CRR is used to measure the system performance at the character level. It evaluates how well the system has predicted characters in character recognition tasks. It is also used in word recognition tasks to measure the accurately predicted characters in a word. This metric is used in Urdu and English character recognition tasks.

CRR can be calculated as follows:

$$\mathrm{C}\mathrm{R}\mathrm{R}={\displaystyle \frac{{\sum }_{i=0}^n\sum _{j=1}^{Min\left(X_i,Y_i\right)}\partial \left(A_i\left[j\right],P_i\left[j\right]\right)}{\sum _{i=1}^{N}Max\left(X_i,Y_i\right)}}\times 100,$$

where

• X_i is the number of characters in the ith actual label;
• Y_i is the number of characters in ith predicted label;
• A_i[j] is the ith actual label of the jth letter;
• P_i[j] is the ith predicted label of the jth letter;
• δ(A_i[j], P_i[j]) is

$$\partial \left(A_i\left[j\right],P_i\left[j\right]\right)=\left\{\begin{array}{c}1, if A_i\left[j\right]=P_i\left[j\right]\\ 0, otherwise\end{array}\right..$$

• Min (X_i,Y_i) denotes the minimum number of characters in the actual and predicted labels to be compared by the system.
• Max (X_i,Y_i) denotes the maximum number of characters in the actual and predicted labels that facilitate accurate comparison.

CRR is determined by taking the total of correctly predicted characters of all predicted labels and then dividing it with the maximum possible number of characters in all actual labels.
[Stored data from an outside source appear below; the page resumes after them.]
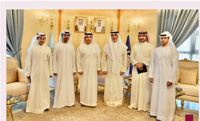
اليوسف خلال استقباله وفد الإنتربول

وزير الداخلية ووكيلها استقبال رئيس المنظمة الدولية للشرطة الجنائية
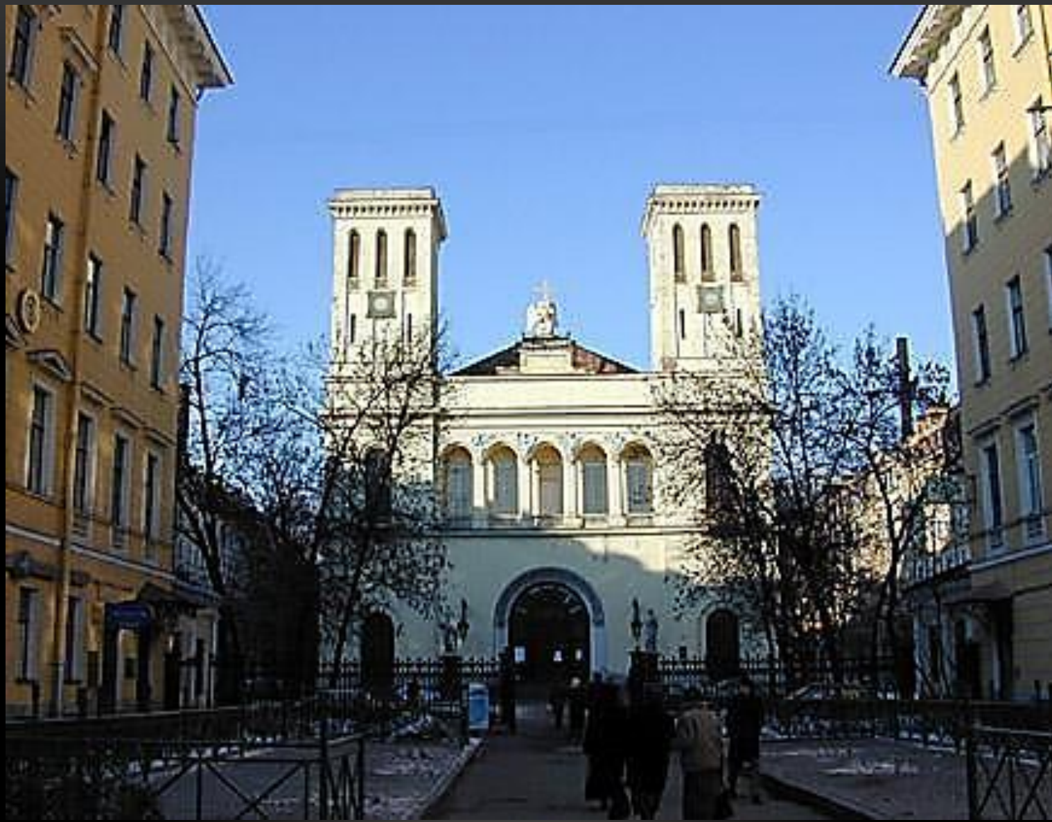
ЛЮТЕРАНСКАЯ ЦЕРКОВЬ В ПЕТЕРБУРГЕ АРХИТЕКТОР АЛЕКСАНДР БРЮЛЛОВ
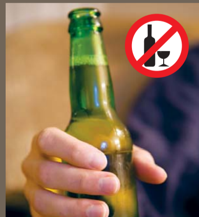
Sihat Tanpa Alkohol
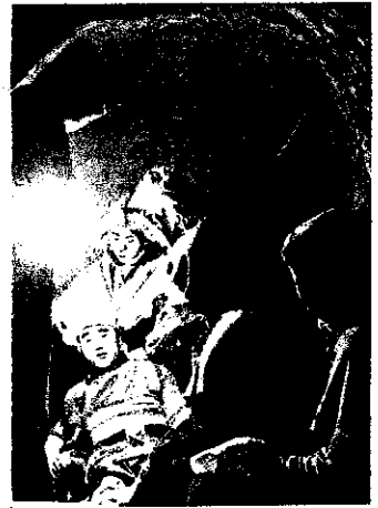
防空壕 空襲のときに避難するため、地を掘って作った穴。
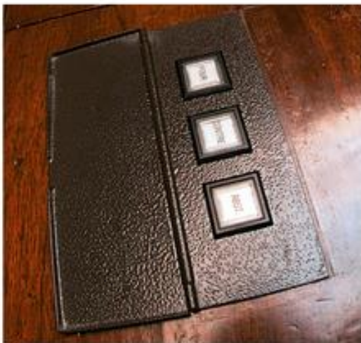
5 Voter à l'Assemblée nationale

En France, l'Assemblée nationale est composée de 577 député(e)s élu(e)s au suffrage universel par les citoyens et les citoyennes. Elle vote la loi et contrôle l'action du gouvernement.
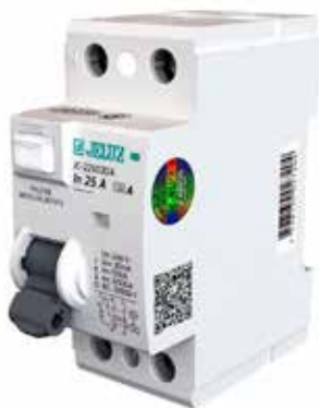
Diferenciales 30mA AC

25A 2P: 225030A 40A 2P: 240030A 40A 4P: 440030A 63A 4P: 463030A
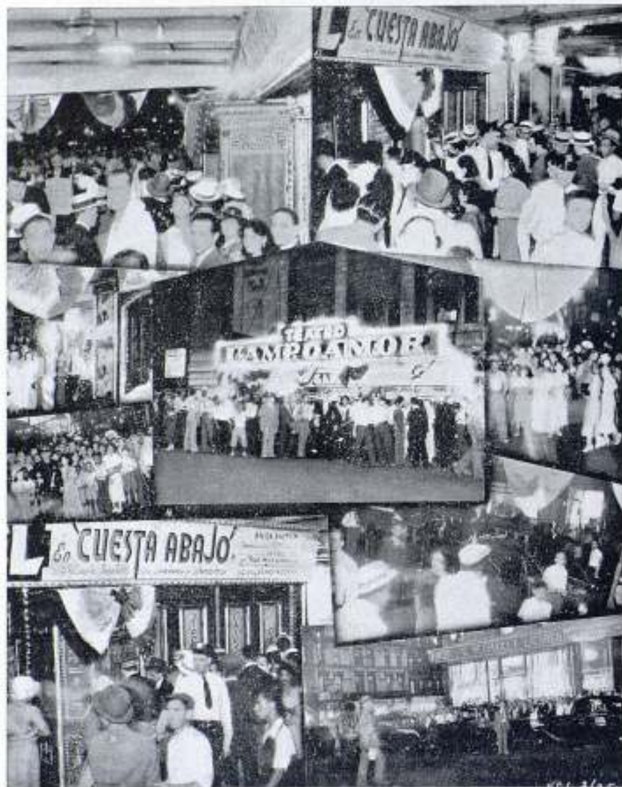
Varios curiosos aspectos del estreno de «Cuesta Abajo», en el Teatro Campesino de Buenos Aires
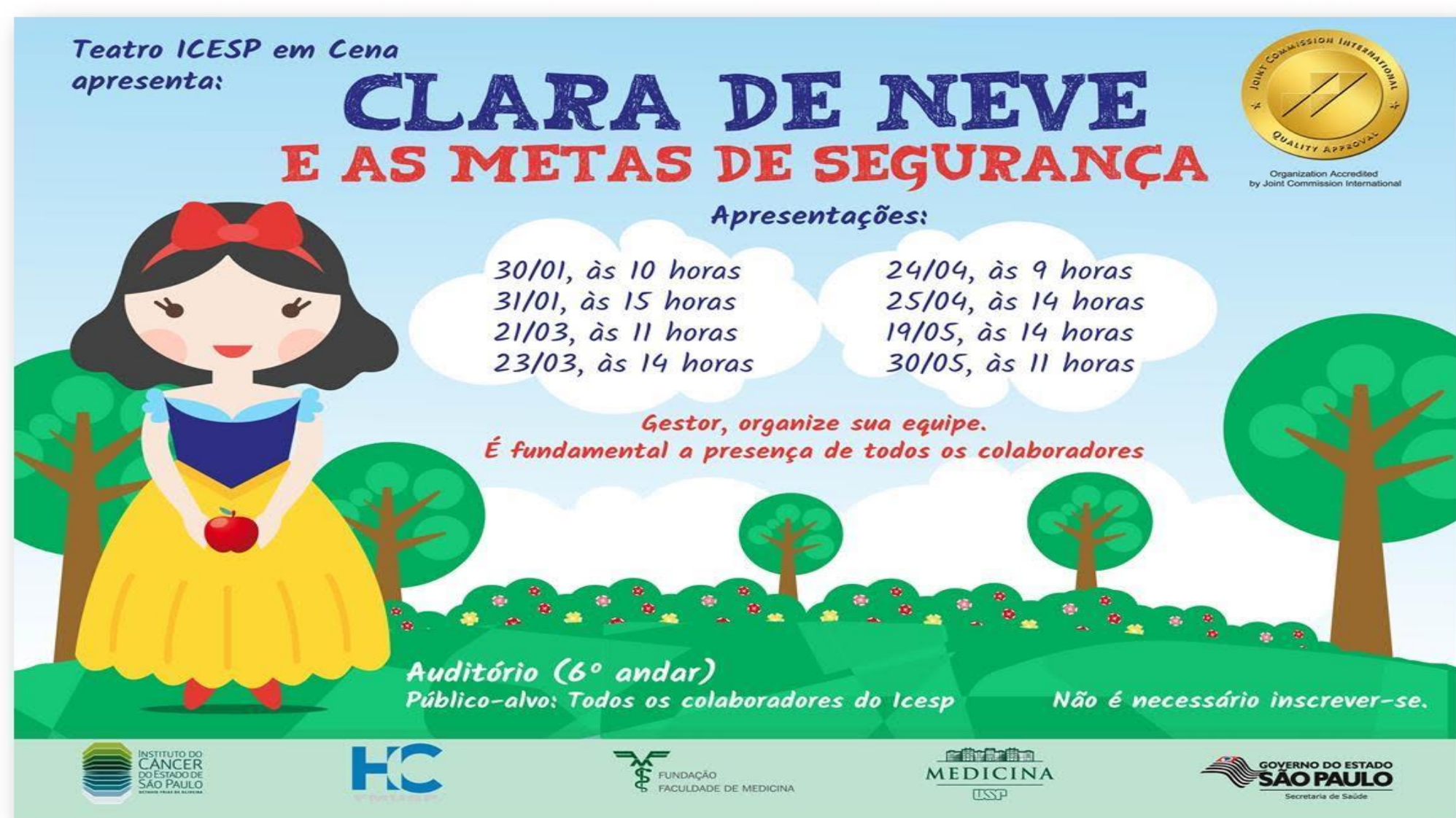
Fig. 1 - Cartaz de divulgação

Palavras chaves: cultura, treinamento, ludicidade, corporativo, Sensibilização institucional
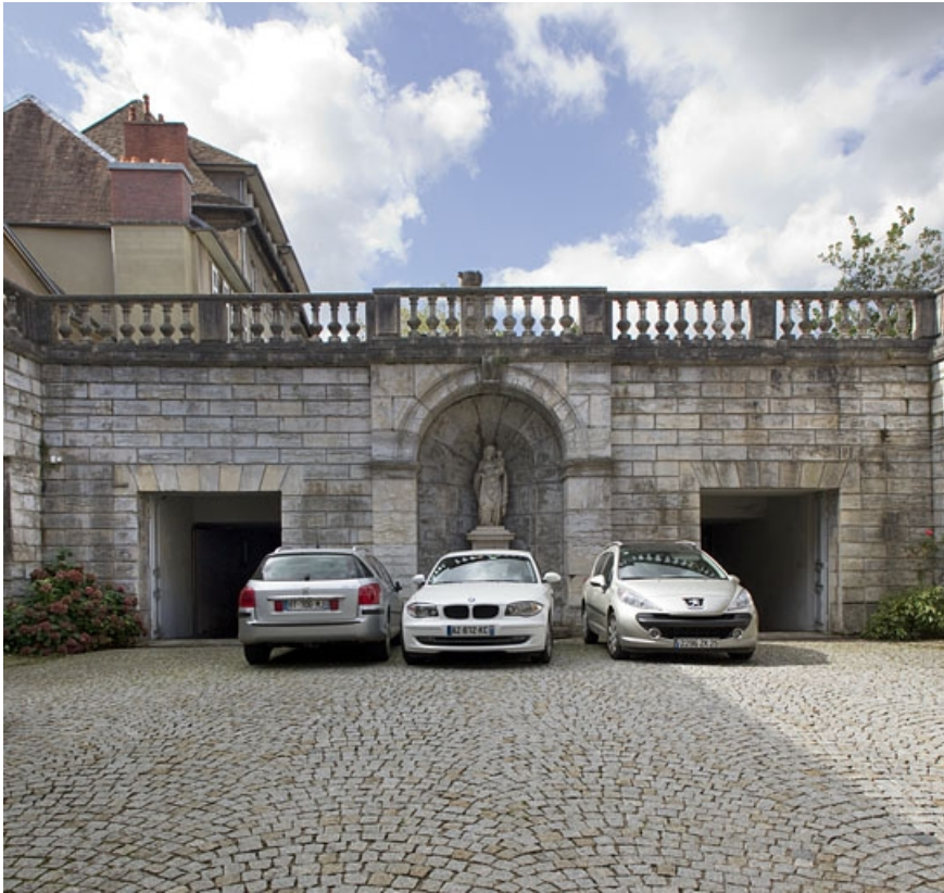
Vue d'ensemble du soubassement de la terrasse au fond de la cour, de face.

25, Besançon, 10 rue de la Convention, lieudit : îlot Saint Jean
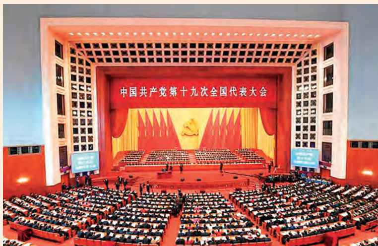
中国共产党第十九次全国代表大会会场。
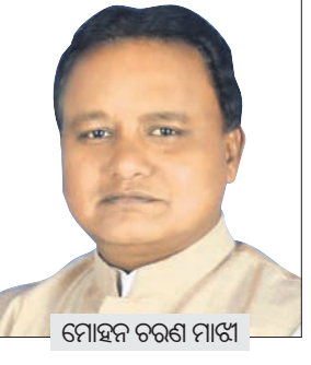
ମୋହନ ଚରଣ ମାଝା
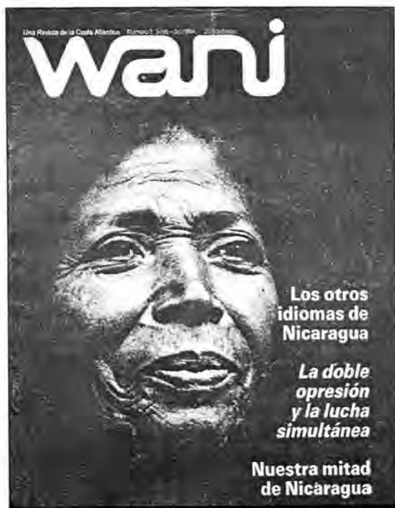
Primer número de Wani .

Nosotros en el CIDCA-UCA estamos muy orgullosos de llegar con esta edición al número 51 de Wani la revista del Caribe nicaragüense . Esto ocurre veinticinco años después de fundado el Centro. Hemos hecho dos números al año como promedio anual a través de nuestra ya larga historia (cuatro anuales en los últimos cinco años). Estamos orgullosos de cumplir veinte y tantos años de representar al pensamiento de y sobre la Costa en la asamblea de publicaciones periódicas nacionales. Pensamos que lo hemos hecho decorosamente, y por eso queremos que lo celebren con nosotros.
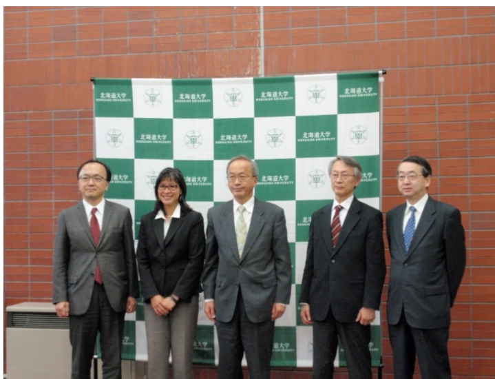
写真1 スタンフォード大学からのユニット誘致についての記者会見(4月)

また、人獣共通感染症GSについても、メルボルン大学、アイルランド国立大学ダブリン校、アブドラ国王科学技術大学(KAUST)から研究ユニットを誘致しているが、複数大学からの複数ユニット招致という特色を活かし、本学人獣共通感染症リサーチセン
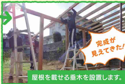
完成が見えてきた!
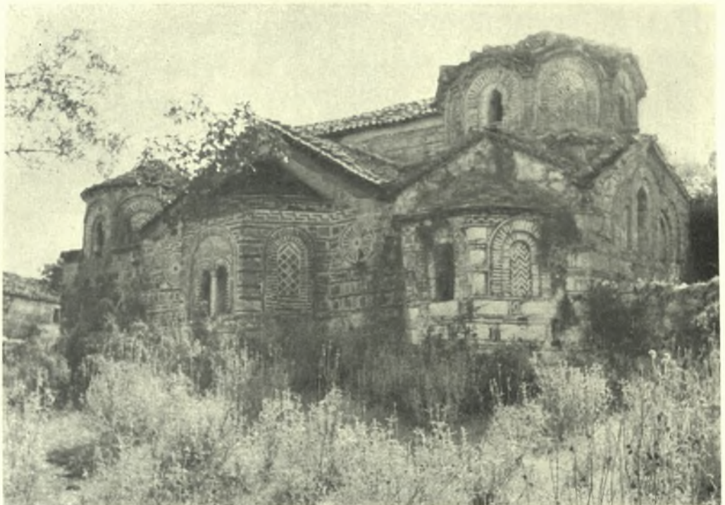
Ἡπειρος. Κυψέλη Θεσπρωτίας: α - β. Τὸ καθολικὸν τῆς μονῆς Ἁγίου Δημητρίου καὶ ΒΑ. ἄποψις αὐτοῦ

A higher CRR indicates better model performance and vice versa.

5.2. WRR

The WRR is used to measure the model performance at the word level. It evaluates how well the system predicts whole words in word recognition tasks. Unlike CRR, this metric is more realistic because it considers the accuracy of the entire word and is therefore used in the Urdu word recognition task.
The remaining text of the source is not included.